# Bax - String Quartet 2 (SQ review)



## Merl (Jul 28, 2016)

Bax's 2nd quartet was written between 1924 and 1925 and it was first performed by the New Philharmonic Quartet on London on 15th March 1927. It's a more adventurous and difficult work than it's predecessor and contrasts awkwardly with the 1st quartet. It's never gained the popularity of the 1st and is my least favourite of Bax's quartets (but don't let that put you off from exploring the work). The long, opening movement, begins angularly with a solo cello and then viola before opening up to music of a more lyrical nature and what sounds like a fractured dance and whilst I like most of Bax's exploratory passages I can't help but think he's throwing too many ideas around here and perhaps should have condensed the movement a little. The 2nd movement, lento molto expressivo, is typical of Bax, with its expressive theme and thicker textures but, again, I struggle with this movement. I find it a little confused, overstays its welcome and dare I say it, it becomes a little bit boring. The finale, Allegro Vivace, is much more interesting and engaging with the opening cello motif from the first movement being transformed. It even features two fugato passages and a muted funereal episode before returning to its initial form and ending in a fine coda.
As I said, it's not Bax's strongest work for me but there's enough to keep me entertained (as long as I miss out the middle movement). Only 2 recordings that I know of so I'll keep it short and sweet.

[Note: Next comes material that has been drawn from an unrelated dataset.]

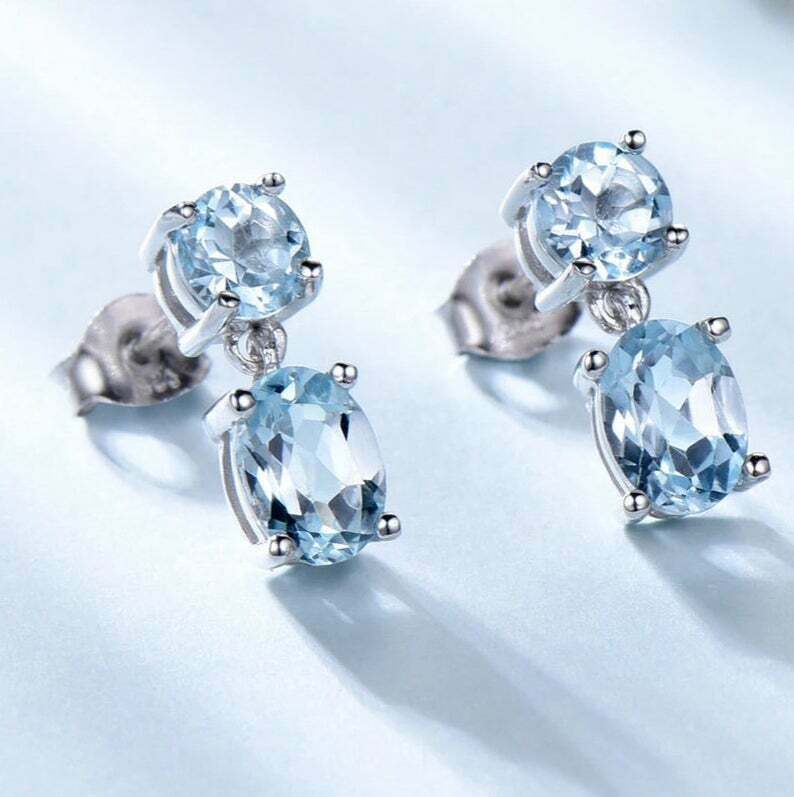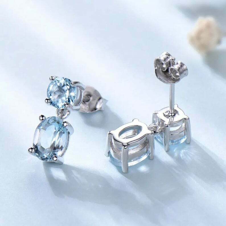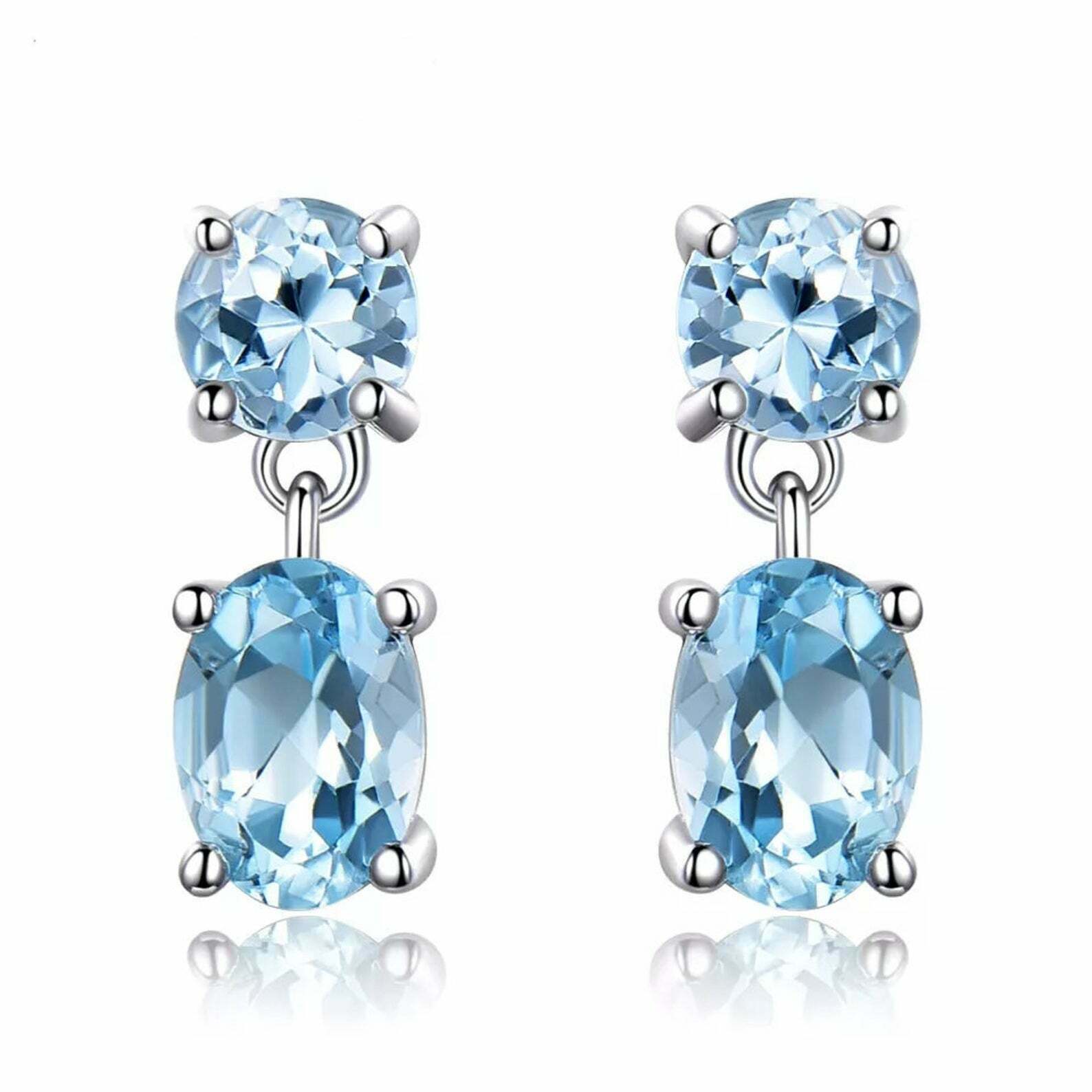 2.3ct Drop Earrings Oval Cut Blue Topaz Two Stone Solitaire 14k WhiteGold Finish

The *Mistry Quartet *surprised me with the quality of their playing on this OOP account. If you can get hold of this recording then it's well worth investigating but if you're after slightly better playing and better engineered sound then look below. Still recommendable. 
The *Maggini Quartet* recording, on Naxos, is still widely available and its the first choice here not just on sound (which is excellent) but on performance where the Maggini dig in deeper and play with greater conviction and sincerity. They still don't manage to sell me the slow movement though (lol).


----------



## jurianbai (Nov 23, 2008)

as with many UK composer from 20th century, Bax's SQ are most "easy" listening to me. I come back to these quartet once in while. thanks for review and put the words on these quartet, so i can re-listen to them with new ideas in mind.


----------



## Merl (Jul 28, 2016)

I find Bax's 2nd quartet frustrating, tbh (as you've no doubt gathered). I like it but the 1st quartet is so strong that the 2nd ultimately feels like a let-down.


----------



## jurianbai (Nov 23, 2008)

Merl said:


> I find Bax's 2nd quartet frustrating, tbh kas you've no doubt gathered). I like it but the 1st quartet is so strong that the 2nd ultimately feels like a let-down.


I wasn't aware that you separate the quartet review to each post.. lol. I agree, the 1st quartet is what I have in mind. the 2nd is also great in my opinion. as to the 3rd quartet (as in your other post), I didn't own that CD (Maggini) and completely never listen before. now I going to listen to it in youtube.


----------